The Anatomy of Cyber Risks and Defense

The Education Cybersecurity Weekly is a curated weekly news overview for those who are concerned about the Education industry. It provides brief summaries and links to articles and news across a spectrum of cybersecurity and technology topics that are specific to the industry.

Pentesting vs. Vulnerability scanning

EdTech Focus on K-12 on August 10, 2018

As global cyberattack campaigns become commonplace for the educational sector, the questions of navigating the scope of penetration testing, vulnerability scanning tools and choosing the right one to strengthen the cybersecurity posture have come to the fore.

During penetration testing, security professionals attempt to manually infiltrate a company’s network in order to identify the weaknesses in its systems and applications that could be utilized in a real attack conducted by black hat hackers.

Vulnerability scanning refers to automated cybersecurity testing tools that run security checks and explore a network on a regular basis to find hidden vulnerabilities that need to be addressed.

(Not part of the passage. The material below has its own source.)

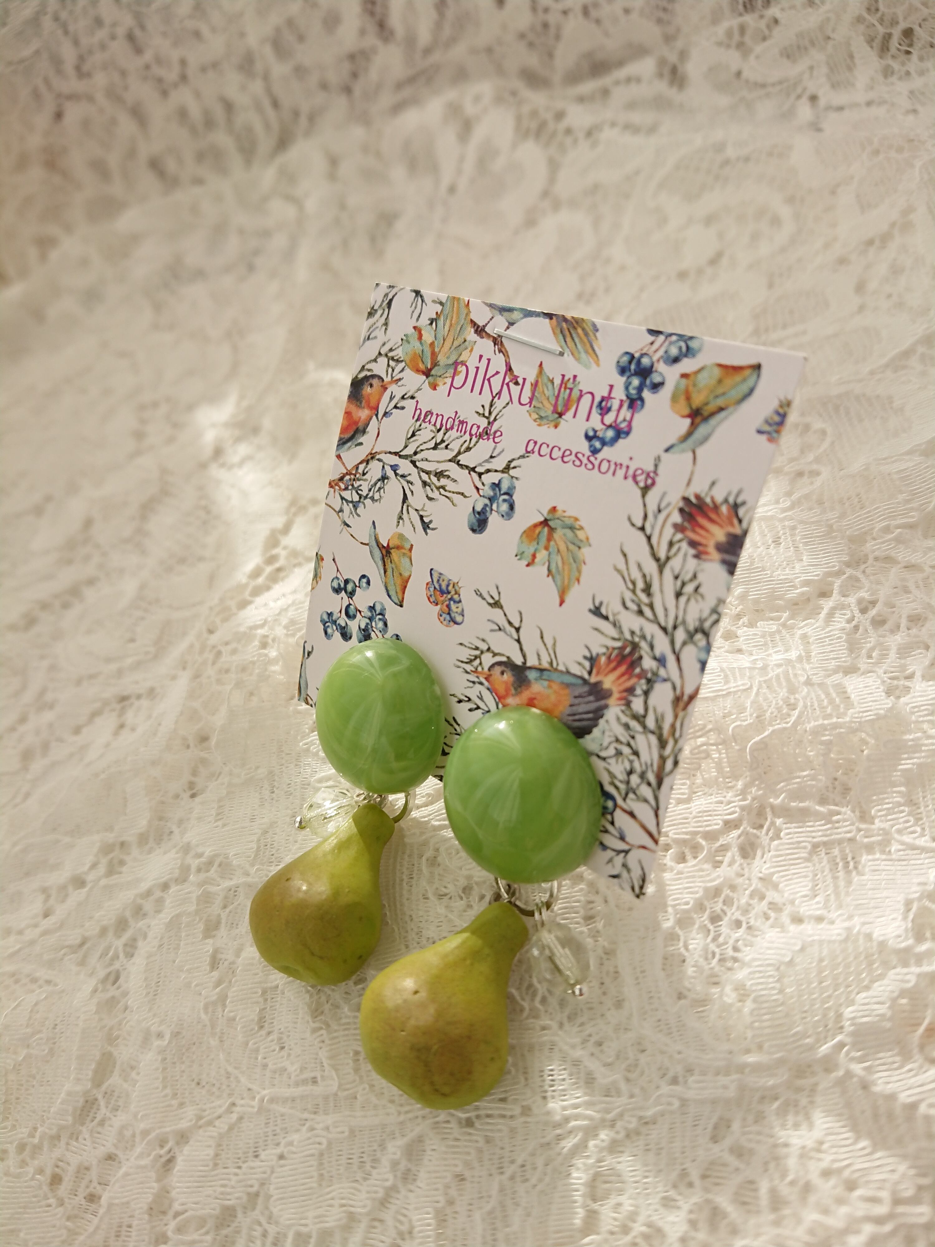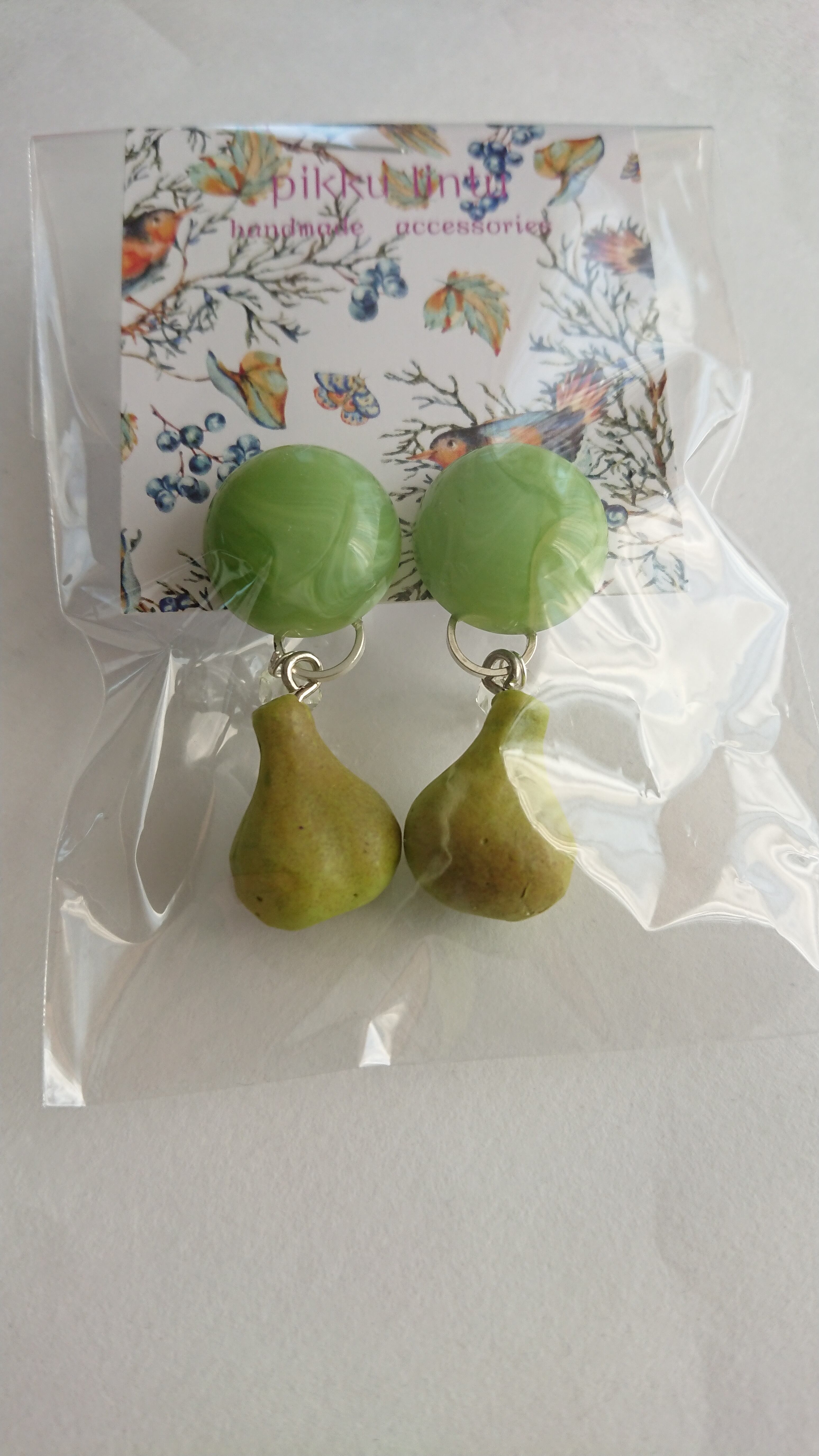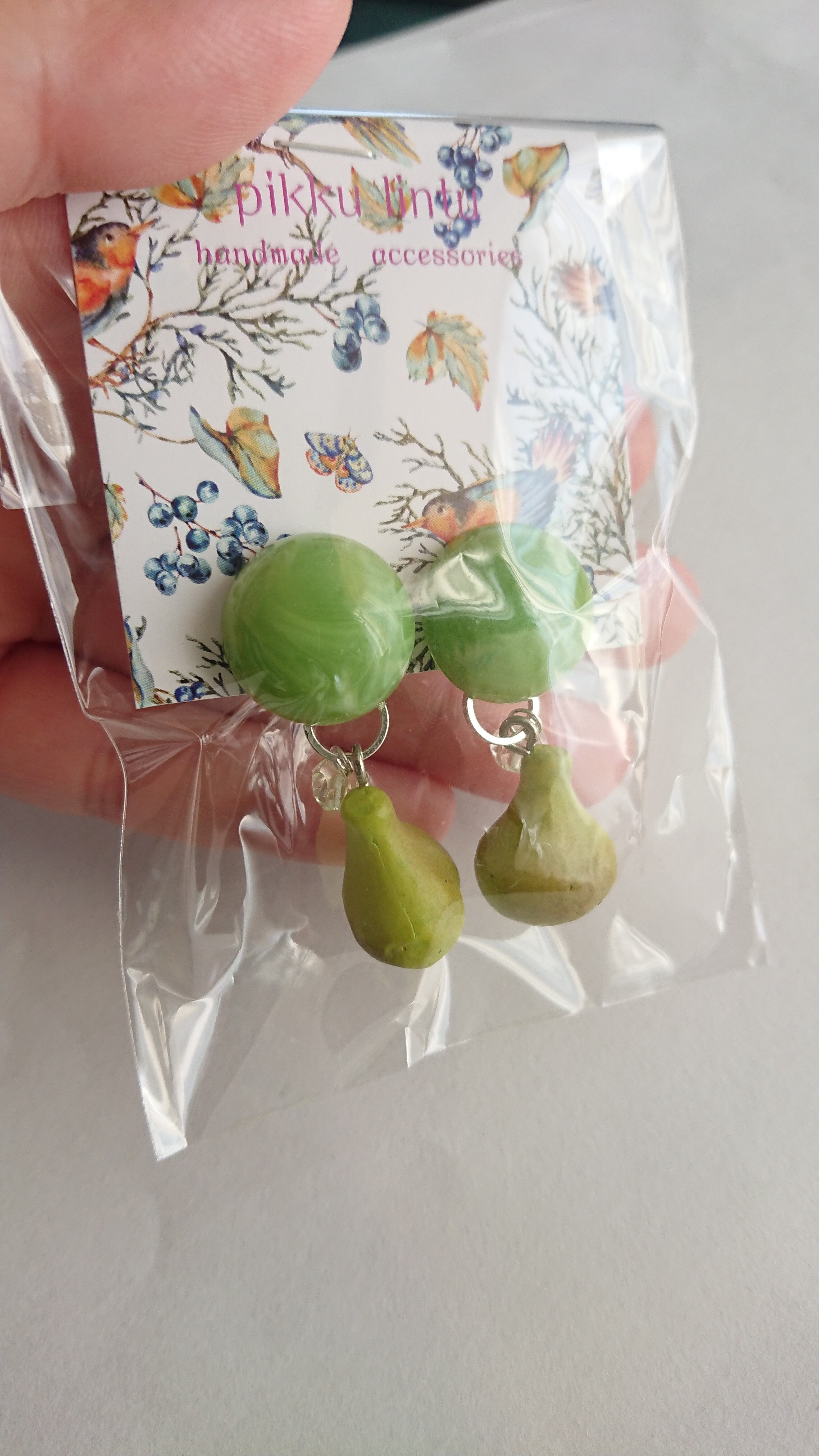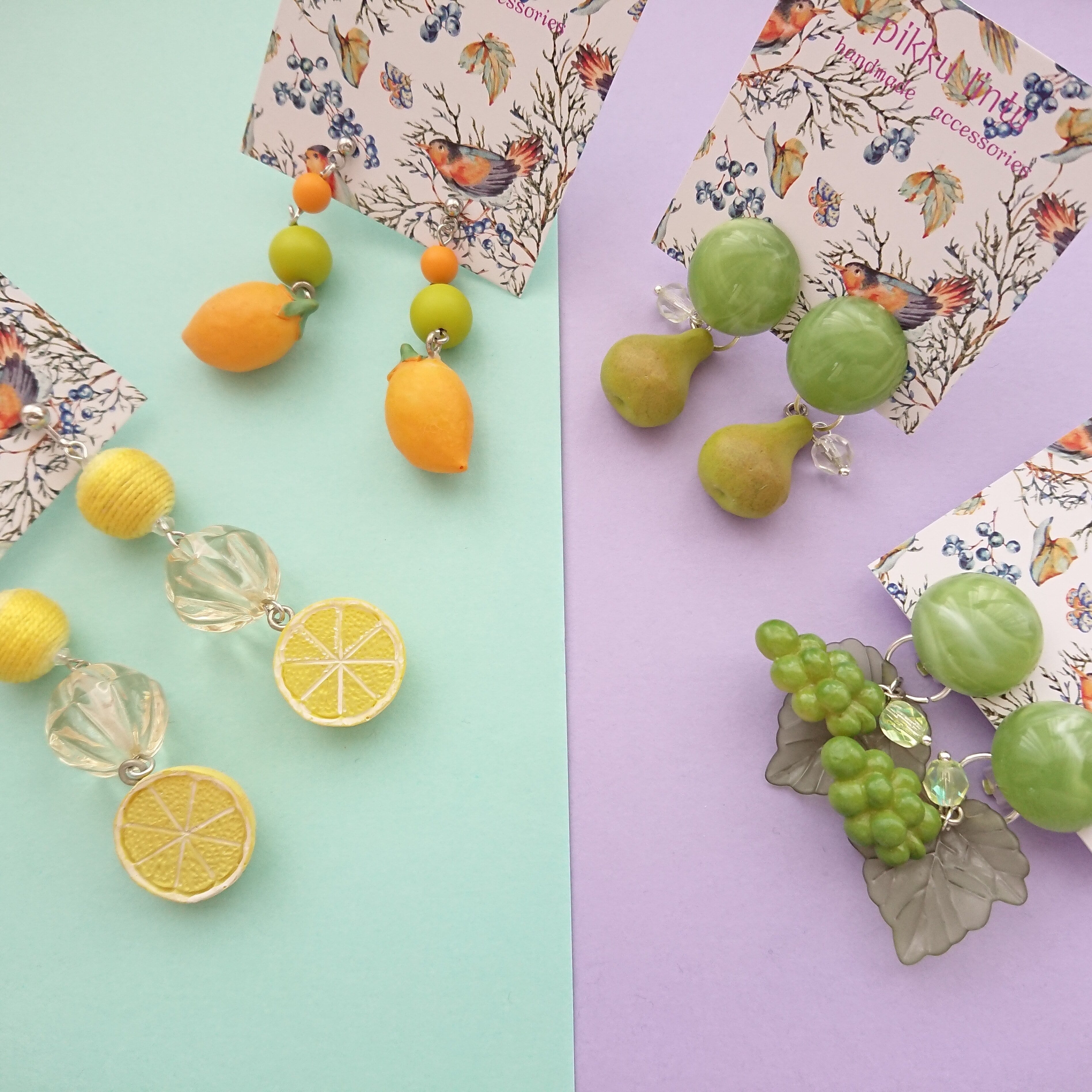 梨のパーツが焼物のような、陶磁器のような、プラスチックではない素材なので、高級感がある代わり、重さが多少あります。(一般的な大きめのピアスくらい)
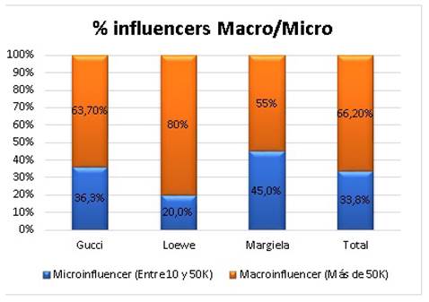 La gráfica 1 muestra que, en todos los casos, el porcentaje de macroinfluencers (56,20%) supera a los microinfluencers (33,8%). El máximo índice lo alcanza la firma Loewe (80%), seguida por Mar giela (55%) y por Gucci (53,70%). Estos datos revelan también que el factor de influencia no viene determinado sólo por el número de seguidores, sino que reside en el modelo de estrategias de co municación y marketing para acceder a los públicos, generar difusión, convertir en trending topic el mensaje y convencerles para su compra, como eslabón final de la cadena productiva (Khan, 2018).

Both approaches play a major role in network security of educational institutions, and a combination of regular and frequent vulnerability scans and occasional penetration tests is likely to be used.

8 apps for educators to check out

e-School News on August 10, 2018

The significance of testing the tool’s accuracy was discussed in “Education Cybersecurity Weekly: Choose Right EdTech”. This week, e-School News resource has collected 8 valuable apps for educators, and students can get even more in classes. The apps relate to the topics like STEM, history, and vocabulary.

1. Howtosmile
2. Photo Stuff with Ruff
3. Membean
4. Loom
5. ARIS
6. PBS KIDS Kart Kingdom
7. Ink Blott Underground
8. Trans-Atlantic Slave Trade Database

Check out and select your right EdTech.

US universities phishing

Dark Reading on August 13, 2018

Last week a Nigerian citizen was convicted for targeting colleges and universities in the United States with phishing attacks. Phishing emails were sent to staff members at US educational institutions including the Georgia Institute of Technology, University of Virginia. Once the credentials were accessed, the destination for payroll deposits was changed and money was directly sent to perpetrators. Their theft exceeded $6 million.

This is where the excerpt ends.